_GIVEN DATA_:

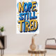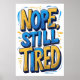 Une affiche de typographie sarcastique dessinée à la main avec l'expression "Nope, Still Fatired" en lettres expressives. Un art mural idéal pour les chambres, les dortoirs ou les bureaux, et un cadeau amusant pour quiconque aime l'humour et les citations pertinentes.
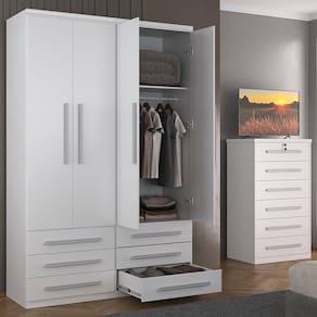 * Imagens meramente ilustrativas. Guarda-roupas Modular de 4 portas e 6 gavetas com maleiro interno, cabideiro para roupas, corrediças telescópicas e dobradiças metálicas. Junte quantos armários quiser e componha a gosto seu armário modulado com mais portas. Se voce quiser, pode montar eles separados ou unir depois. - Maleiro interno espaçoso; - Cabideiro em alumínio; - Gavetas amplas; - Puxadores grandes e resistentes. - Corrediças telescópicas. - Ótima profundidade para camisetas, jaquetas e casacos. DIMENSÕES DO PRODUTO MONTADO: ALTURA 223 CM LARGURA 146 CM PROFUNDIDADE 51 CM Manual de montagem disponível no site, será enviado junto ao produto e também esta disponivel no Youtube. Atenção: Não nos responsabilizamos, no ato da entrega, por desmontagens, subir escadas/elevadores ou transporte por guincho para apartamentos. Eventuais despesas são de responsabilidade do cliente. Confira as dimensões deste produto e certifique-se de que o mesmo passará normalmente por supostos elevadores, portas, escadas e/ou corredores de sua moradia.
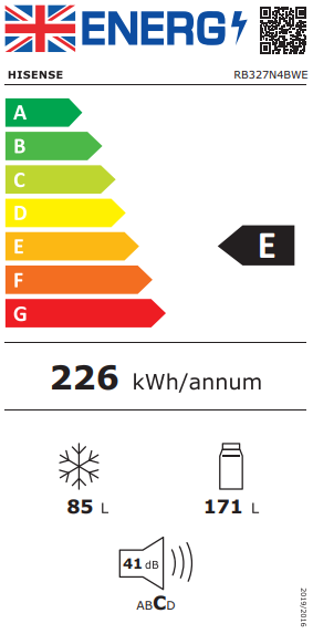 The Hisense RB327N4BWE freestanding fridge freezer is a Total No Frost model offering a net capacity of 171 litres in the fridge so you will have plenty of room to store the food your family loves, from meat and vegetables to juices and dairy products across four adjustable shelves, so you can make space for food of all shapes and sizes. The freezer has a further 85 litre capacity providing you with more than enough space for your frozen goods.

---

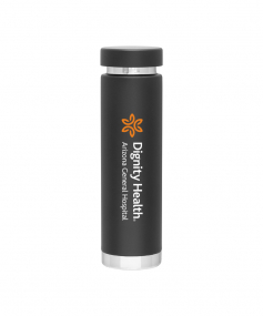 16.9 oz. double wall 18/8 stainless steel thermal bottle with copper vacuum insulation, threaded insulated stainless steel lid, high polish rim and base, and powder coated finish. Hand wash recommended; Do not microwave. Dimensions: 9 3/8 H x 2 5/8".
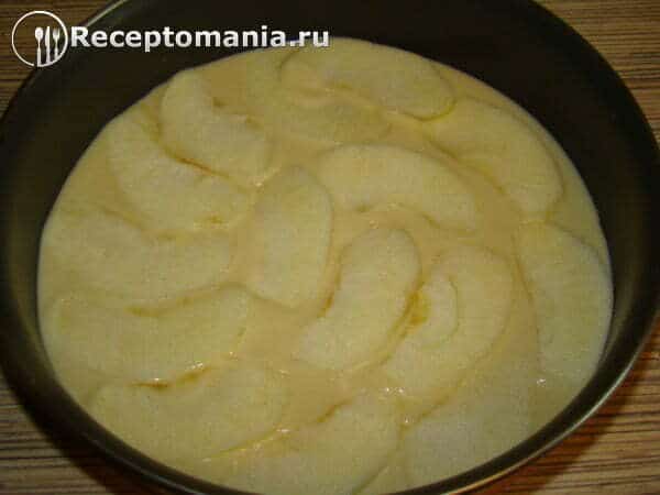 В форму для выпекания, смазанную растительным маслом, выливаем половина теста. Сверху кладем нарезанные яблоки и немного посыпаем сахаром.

...

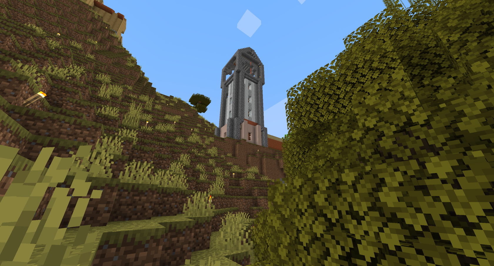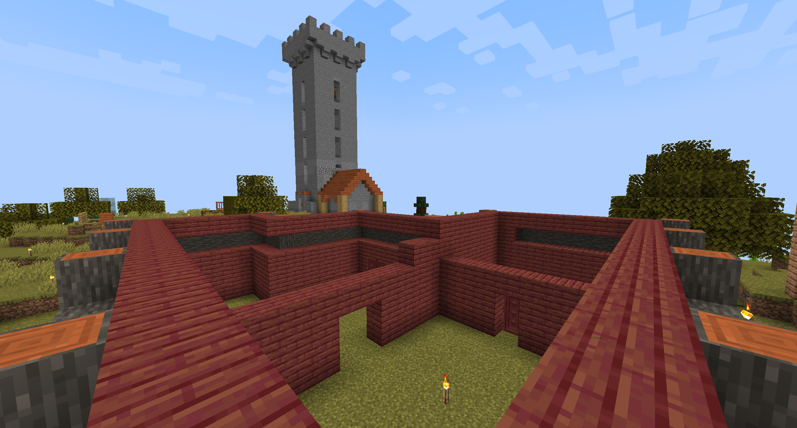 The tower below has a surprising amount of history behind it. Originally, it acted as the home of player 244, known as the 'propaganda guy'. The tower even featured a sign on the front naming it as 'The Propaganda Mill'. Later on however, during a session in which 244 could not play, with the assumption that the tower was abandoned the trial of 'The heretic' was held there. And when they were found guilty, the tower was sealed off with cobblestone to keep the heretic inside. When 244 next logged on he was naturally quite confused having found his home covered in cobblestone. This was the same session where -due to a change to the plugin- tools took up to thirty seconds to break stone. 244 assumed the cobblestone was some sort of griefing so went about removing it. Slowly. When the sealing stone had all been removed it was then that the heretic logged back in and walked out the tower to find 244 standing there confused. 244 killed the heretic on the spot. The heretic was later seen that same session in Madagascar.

_DIRECTIONS FOR THIS TASK_: Produce an exact reproduction of the listing above, limited to the lines starting at the line with "16.9 oz. double" and ending at the line with "В форму для", both kept, with every picture left out.

_ANSWER TO THIS EXERCISE_:
 16.9 oz. double wall 18/8 stainless steel thermal bottle with copper vacuum insulation, threaded insulated stainless steel lid, high polish rim and base, and powder coated finish. Hand wash recommended; Do not microwave. Dimensions: 9 3/8 H x 2 5/8".
 В форму для выпекания, смазанную растительным маслом, выливаем половина теста. Сверху кладем нарезанные яблоки и немного посыпаем сахаром.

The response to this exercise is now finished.